Inevitably, this is when “Dolemite Is My Name” really sparks to life; however predictable its ups and downs might be, the particular eccentricities of this ultra-independent film shoot are a blast to discover, and director Craig Brewer steers Moore through them with a steady hand. It helps that “Dolemite” is a truly ridiculous movie, and that even the most basic EPK about its making would be riotously entertaining to watch. Not only does Moore shoot the entire thing in a condemned drug den, but he crews the show with local college kids (including “Slow West” star Kodi Smit-McPhee as the DP — an acronym that finally makes someone do a double take), and instructs his socially conscious screenwriter (Keegan-Michael Key as Jerry Jones) to write an urgent and uplifting story that makes room for an all-girl kung-fu squad, and maybe even an exorcism or two.

Best of all, Moore hires the great D’Urville Martin — famous among the film’s characters for having played the elevator operator in “Rosemary’s Baby” — to co-star as the bad guy.

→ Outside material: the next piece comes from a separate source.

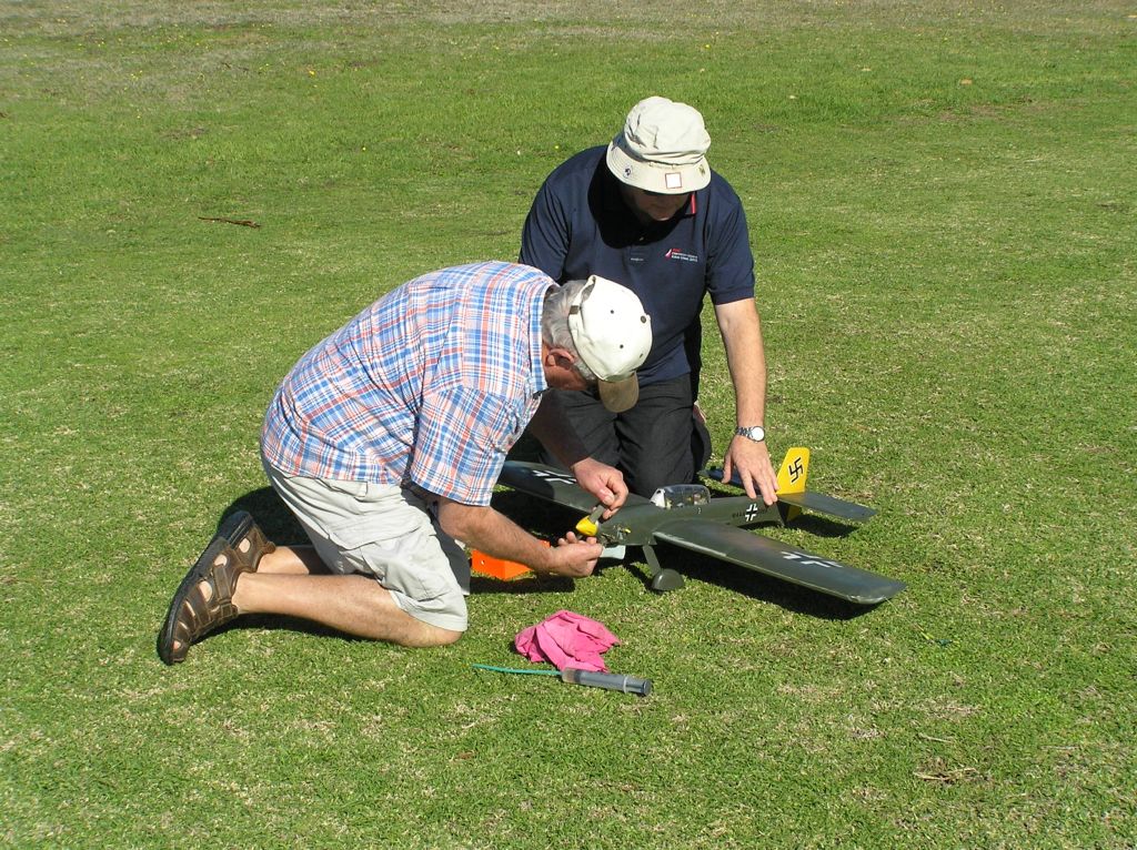Peter K and Steve pre-flighting the Stuka Warbird Stunt model.

The only catch? Martin wants to direct. And so, for roughly 45 glorious minutes of its running time, this Eddie Murphy comeback vehicle generously steps aside to invite Wesley Snipes back into the spotlight. Playing Martin as a dainty horned up drunk who splits the difference between Simon Phoenix and Phoenix Buchanan, Snipes all but falls over himself as he walks away with the movie. He’s volatile and hilarious, and he oozes a pretentiousness that perfectly reflects Moore’s own sincerity. Always amusing but seldom transcendent, “Dolemite Is My Name” lifts into another dimension whenever Snipes is on screen. If the entire movie was as inspired as the scene where Martin storms off with a pair of fake intestines snaking out of his stomach, it would be the single best thing that Murphy has ever made.

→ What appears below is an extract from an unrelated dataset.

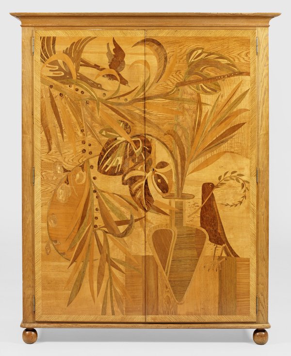 Eschenholz, furniert sowie flächendeckende Marketerie aus unterschiedlichen, teilw. grün gefärbten Edelhölzern wie Ulmenholz, Wurzelnuss und Ahorn. Gerader, hochrechteckiger Korpus auf Kugelfüßen mit umlaufendem Kehlgesims. In der gegliederten Front zwei große Türen mit flächendeckendem Intarsiendekor aus großem Vasenmotiv sowie üppigem Blattwerk und Vögeln. H. 192 cm. 155 cm x 61 cm.

As it stands, the film is a ridiculously solid reminder of what its star can do; Murphy hasn’t lost an iota of his comic timing, and the small handful of scenes in which he’s asked to reach deeper prove that he’s heading into his 60s with canyons of still-uncharted depth. And if “Dolemite Is My Name” seems content to stay on the surface of things and just give people a good time, perhaps that’s a testament to how seamlessly it weaves in a greater resonance. Here is a story about black people lifting each other up, picking up where previous generations left off, and bursting through the ceiling of an industry that only knew how to see white and green. Some things haven’t changed, but this movie — from its cast, to its basic concept — is a satisfying illustration of how they do.

Grade: B-

“Dolemite Is My Name” premiered at the 2019 Toronto International Film Festival. Netflix will release it in theaters on October 4, and on streaming October 25.